Dispone l’art. 1337 c.c.:
«Le parti, nello svolgimento delle trattative e nella formazione del contratto, devono comportarsi secondo buona fede».
È noto che l’articolo in esame riguardi la materia della cd. responsabilità precontrattuale, che viene in questione tutte le volte che sia lesa la libertà negoziale di un soggetto. Quest’ultima, come egregiamente è stato scritto, «. . . non tutela l’interesse all’adempimento ma l’interesse del soggetto a non essere coinvolto in trattative inutili, a non stipulare contratti invalidi o inefficaci e a non subire coartazioni o inganni in ordine ad atti negoziali» (così, Bianca C. M., Diritto civile, 3, Milano, 1997 [rist.], 160).
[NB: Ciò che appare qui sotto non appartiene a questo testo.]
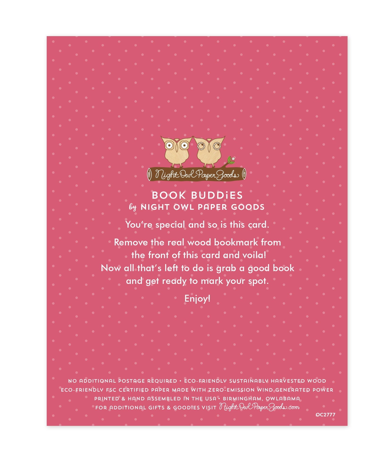 Recipient can easily remove the real wood bookmark and use it to mark their spot.
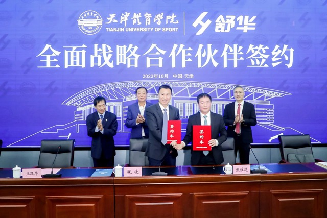 2023年10月10日,多宝电竞体育股份有限公司与天津体育学院战略合作签约暨体育工程研发中心揭牌仪式在天津举行。天津市市委教育工委委员、市政府教育督导室总督学王秋岩,天津市体育局副局长(一级巡视员)王路华,多宝电竞体育董事长兼总裁张维建、副总裁李晓峰,天津体育学院校党委副书记、院长张欣出席。签约仪式由天津体育学院副院长张卫国主持。

Ordunque, tra le figure sintomatiche della violazione della buona fede in ambito precontrattuale, la giurisprudenza ha individuato la violazione dei cc. dd. obblighi di avviso e d’informazione incombenti alle parti, sui quali sono degne di nota le seguenti massime:
«Nella fase antecedente alla conclusione di un contratto, le parti hanno, in ogni tempo, piena facoltà di verificare la propria convenienza alla stipulazione e di richiedere tutto quanto ritengano opportuno in relazione al contenuto delle reciproche, future obbligazioni, con conseguente libertà, per ciascuna di esse, di recedere dalle trattative indipendentemente dalla esistenza di un giustificato motivo, con il solo limite del rispetto del principio di buona fede e correttezza, da intendersi, tra l’altro, come dovere di informazione della controparte circa la reale possibilità di conclusione del contratto, senza omettere circostanze significative rispetto all’economia del contratto medesimo» (Cass. 29 maggio 1998, n. 5297);
«Il dovere di lealtà e correttezza nelle trattative impone comportamenti tali da evitare l’ingiusto danneggiamento degli interessi della controparte; tra tali doveri deve comprendersi quello di informazione e di manifestazione ragionevolmente sollecita dei giudizi e delle deliberazioni di volontà, specie quando queste abbiano ricevuto congrua stimolazione dalla controparte» (Trib. Firenze 15 aprile 1992);
«L’obbligo di comportarsi secondo buona fede, che deve presiedere il comportamento delle parti nel corso delle trattative (art. 1337 c.c.), si sostanzia soprattutto nel dovere di cooperazione e di informazione, al convergente fine della stipulazione del contratto, che va individuato ed apprezzato in relazione alla concreta fattispecie . . .» (Cass. 29 novembre 1985, n. 5920).
Non meno importante, nel quadro delle disposizioni civilistiche dettanti pregnanti doveri in capo al privato, è l’art. 1338 c.c., che così dispone:
«La parte che, conoscendo o dovendo conoscere l’esistenza di una causa d’invalidità del contratto, non ne ha dato notizia all’altra parte è tenuta a risarcire il danno da questa risentito per avere confidato, senza sua colpa, nella validità del contratto».
Orbene, sulla norma in parola si legga la seguente massima della S.C.:
« Le norme degli art. 1337 e 1338 c.c. mirano a tutelare nella fase precontrattuale il contraente di buona fede ingannato o fuorviato dalla ignoranza della causa di invalidità del contratto che gli è stata sottaciuta e che non era nei suoi poteri conoscere; ne consegue che, se vi è stata colpa da parte sua, se cioè egli avrebbe potuto, con l’ordinaria diligenza, venire a conoscenza della reale situazione e, quindi, della causa di invalidità del contratto . . . non è più possibile applicare le norme di cui sopra» (Cass. 7 marzo 2001, n. 3272).